The multi-processing icon includes a plurality of processing icons,
and when it is selected, performs the processes corresponding to
each of the processing icons simultaneously or continuously. In the
first embodiment, the icon is displayed on the screen. However, the
one displayed on the screen is not limited to the icon, and symbols
indicating various data or processing functions in a sign, a
character string, or an image, other than the icon, can be
displayed.
[0065] The input icon, which is one of the processing icons,
corresponds to an input process such as scanning among the
functions of the MFP 100. The output icon, which is one of the
processing icons, corresponds to an output process such as printing
among the functions of the MFP 100. The multi-processing icon in
the first embodiment includes an image of the input icon and an
image of the output icon, and when the multi-processing icon is
selected and instructed by a user, performs a plurality of
processes corresponding to the input icon and the output icon
constituting the multi-processing icon simultaneously or
continuously.
[0066] The storage unit 104 stores a process correspondence table
in which a key event and icon name as icon identification
information specific to the icon such as the multi-processing icon,
the input icon, and the output icon, a processing content as
process identification information of the respective icons such as
the multi-processing, the input process, and the output process
performed simultaneously or continuously, and the icon image are
registered in association with each other.
[0067] The process correspondence table is explained below in
detail. FIG. 2 is a data structure diagram of one example of a
process correspondence table in the first embodiment. As shown in
FIG. 2, the process correspondence table registers key events
"0x0001", "0x0002", and the like, which is the icon identification
information specific to the multi-processing icon and respective
processing icons, icon names "scan", "print", "scan to email", and
the like as the icon identification information, processing content
"scan document", "print", or "scan document and transmit by email",
which is process identification information of the respective
processing icons such as the multi-processing, the input process,
and the output process to be performed simultaneously or
continuously, and icon images "in001.jpg", "out001.jpg",
"icon001.jpg" in association with each other.
[0068] In the example shown in FIG. 2, an example in which the name
of the processing content is registered is shown as the processing
content for easy understanding, and specifically, program names for
executing the respective processing contents are registered. That
is, each program name is registered, for example, scanning program
for "scan document" and printing program for "print". Further, for
"scan document and transmit by email", which is the processing
content registered in the multi-processing icons, two program names
of scanning program and email transmission program are
registered.
[0069] The storage unit 104 can store data such as the image data,
and can be formed of any generally used storage medium such as a
hard disk drive (HDD), an optical disk, and a memory card.
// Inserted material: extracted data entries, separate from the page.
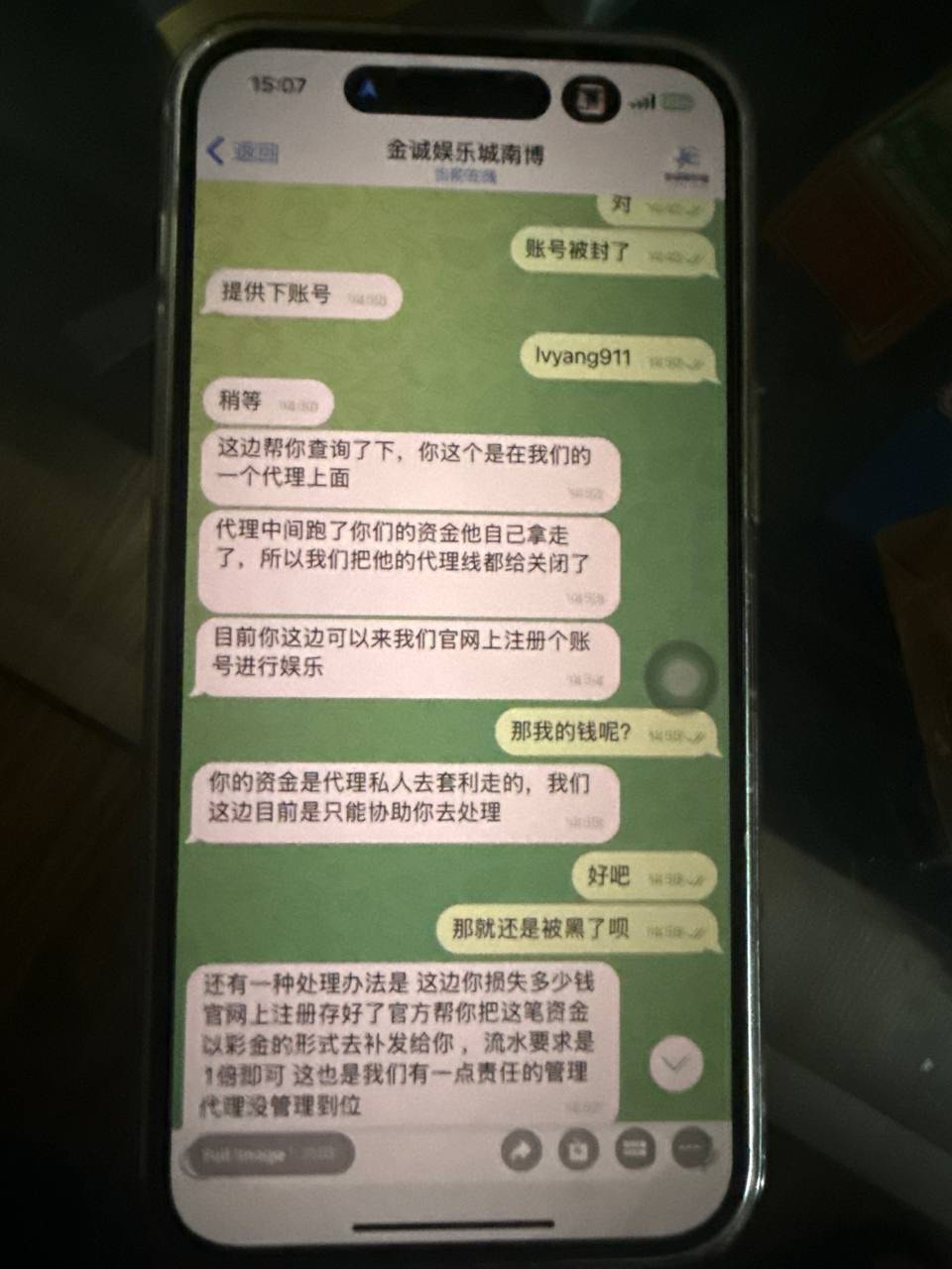 事情的经过 在菲律宾认识了南博 开始觉得人不错 就是爱吹牛逼 前面回国了后边会菲律宾弄了个盘口体育盘 金诚娱乐 邀请我去上班 我自己的会员自己的数据 开的大哥5万送5 万开始说的不卡款 后来出不起款人工卡款 后边和我的会员说代理卷钱跑路了
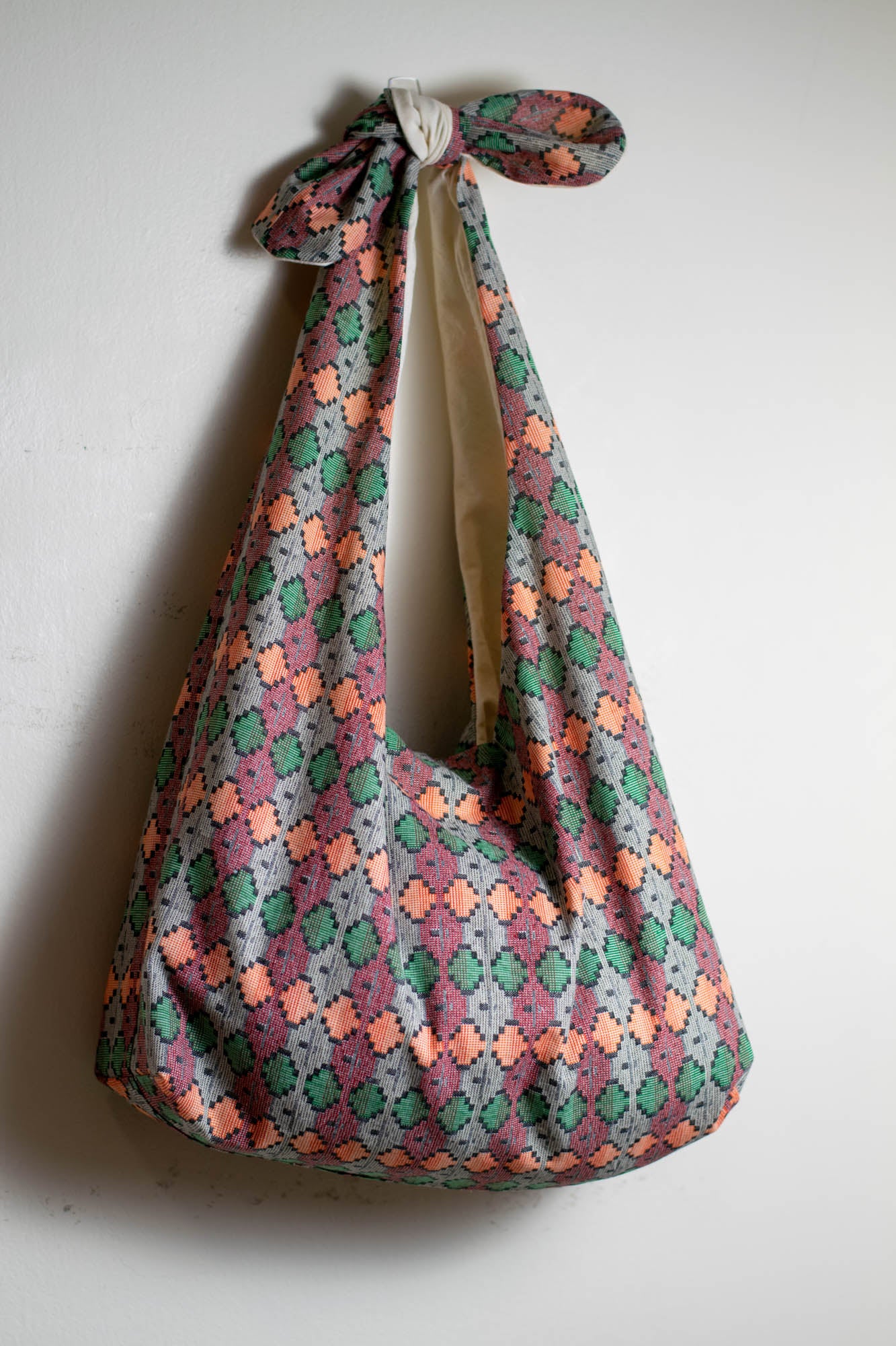 Reversible Shoulder Tie Sac Made from Salvaged Fabric — Nepali Tribal Print
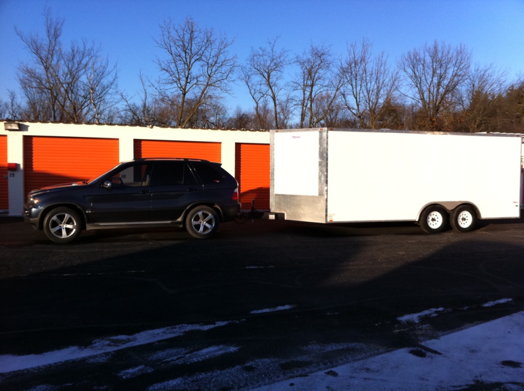 It was a quick pic from the iPhone, at dusk as the sun was setting so not a great pic. And I was laughing as I was towing it home- the X5 has the winter 18" TSW wheels and snow tires on it, and there was a fresh dusting of snow on the ground. And it still towed nicely. It'll be a lot better come spring when the 19's go back on.
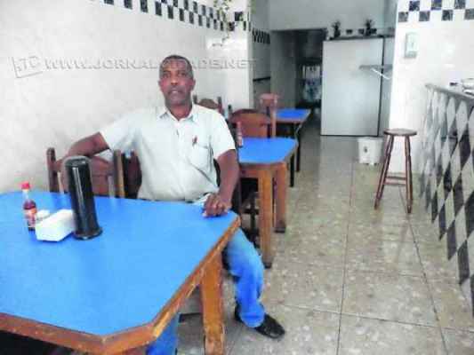 O presidente Marcos Faria na lanchonete que integra a sede da União das Escolas de Samba da Cidade Azul (Uesca)
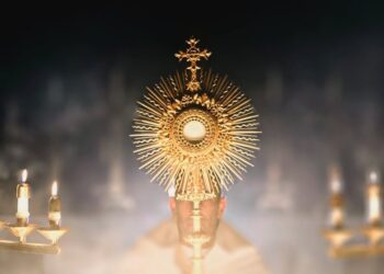 مسبحة القربان الأقدس تتلى بإستخدام المسبحة الوردية الإعتيادية. نبدأ بتلاوة الأبانا والسلام الملائكي والمجد مرة واحدة من أجل نوايا...
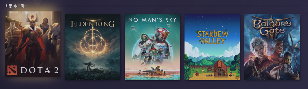 - 후보작: 스타듀 밸리(Stardew Valley), 도타 2(DOTA 2), 노 맨즈 스카이(No Man’s Sky), 발더스 게이트 3(Baldur’s Gate 3)
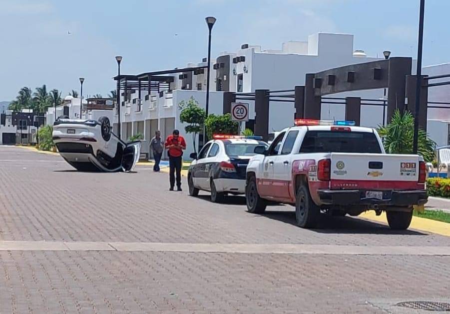 MAZATLÁN._ Con las llantas hacia arriba terminó una camioneta de lujo, de color blanco, en el interior del fraccionamiento Montecarlo, luego de que al parecer su conductora perdiera la dirección del volante.
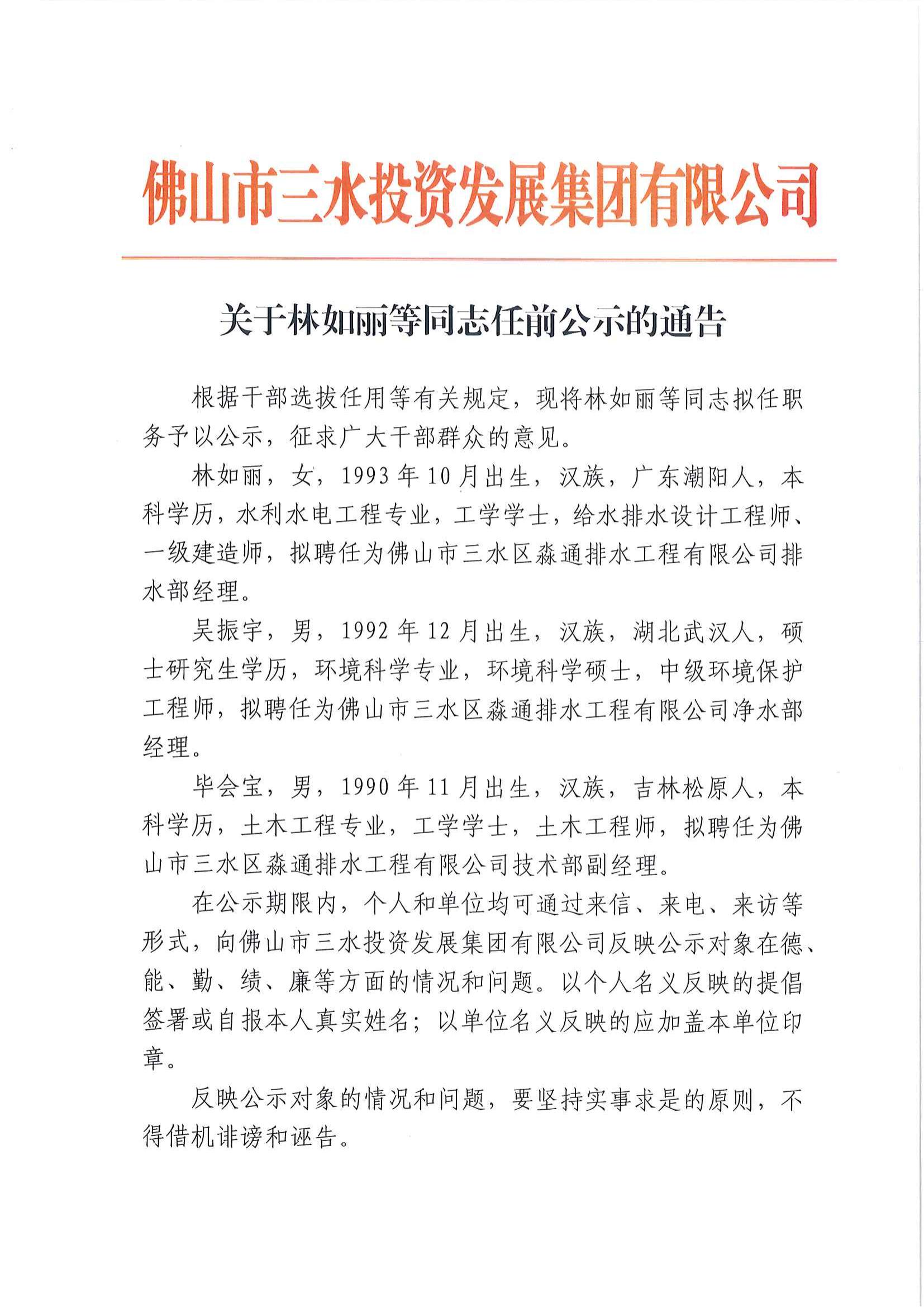 关于林如丽等同志任前公示的通告
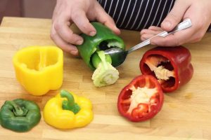 Wash bell peppers, cut off the upper part and pull out with a spoon seeds, peel the inside of the pepper (remove all white parts).
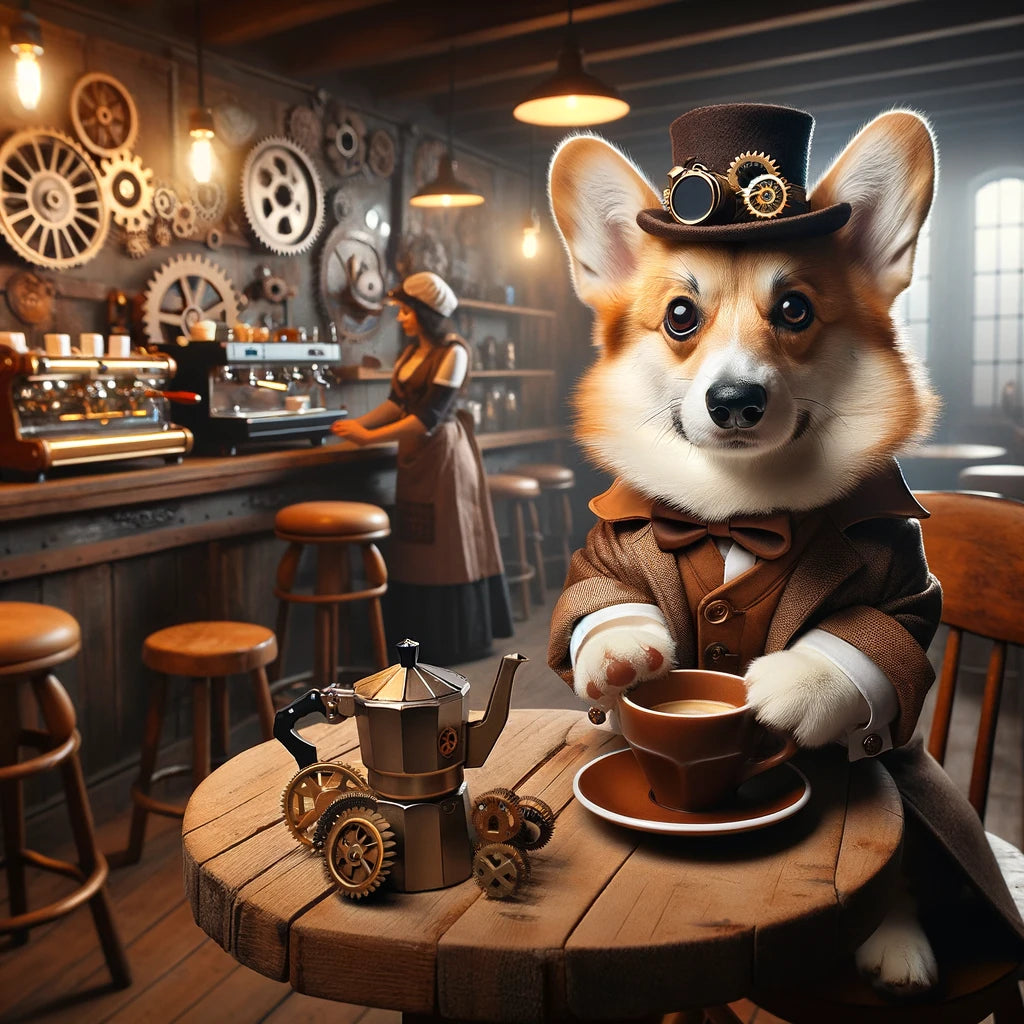 Bruno, a charming corgi with a flair for the refined, runs the bustling "Paws & Pots" café in the heart of the old steam district. Distinguished by his top hat and tailored coat, Bruno has a keen eye for detail and a taste for the finest brews.

[0070] The operation panel 200 is a user interface that displays a
selection screen and receives an input on the selection screen.
[0071] FIG. 3 is one example of the operation panel of the MFP. As
shown in FIG. 3, the operation panel 200 includes an initial
setting key 201, a copy key 202, a copy server key 203, a printer
key 204, a transmission key 205, a ten key 206, a clear/stop key
207, a start key 208, a preheat key 209, a reset key 210, and an
LCD touch panel 220. The multi-processing icon, which is a
characteristic of the first embodiment, is displayed on an initial
menu screen or the like of the LCD touch panel 220. The screen is
explained later. A central processing unit (CPU) that controls
display of various screens on the LCD touch panel 220 and key input
from respective keys or the LCD touch panel 220 is equipped in the
operation panel 200, separately from a CPU in the body of the MFP.
Because the CPU in the operation panel 200 only controls screen
display or key input, the CPU has a lower performance than that of
the CPU in the body of the MFP.
[0072] While the MFP 100 also includes various hardware resources
such as a scanner and a plotter other than the storage unit 104 and
the operation panel 20, explanations thereof will be omitted.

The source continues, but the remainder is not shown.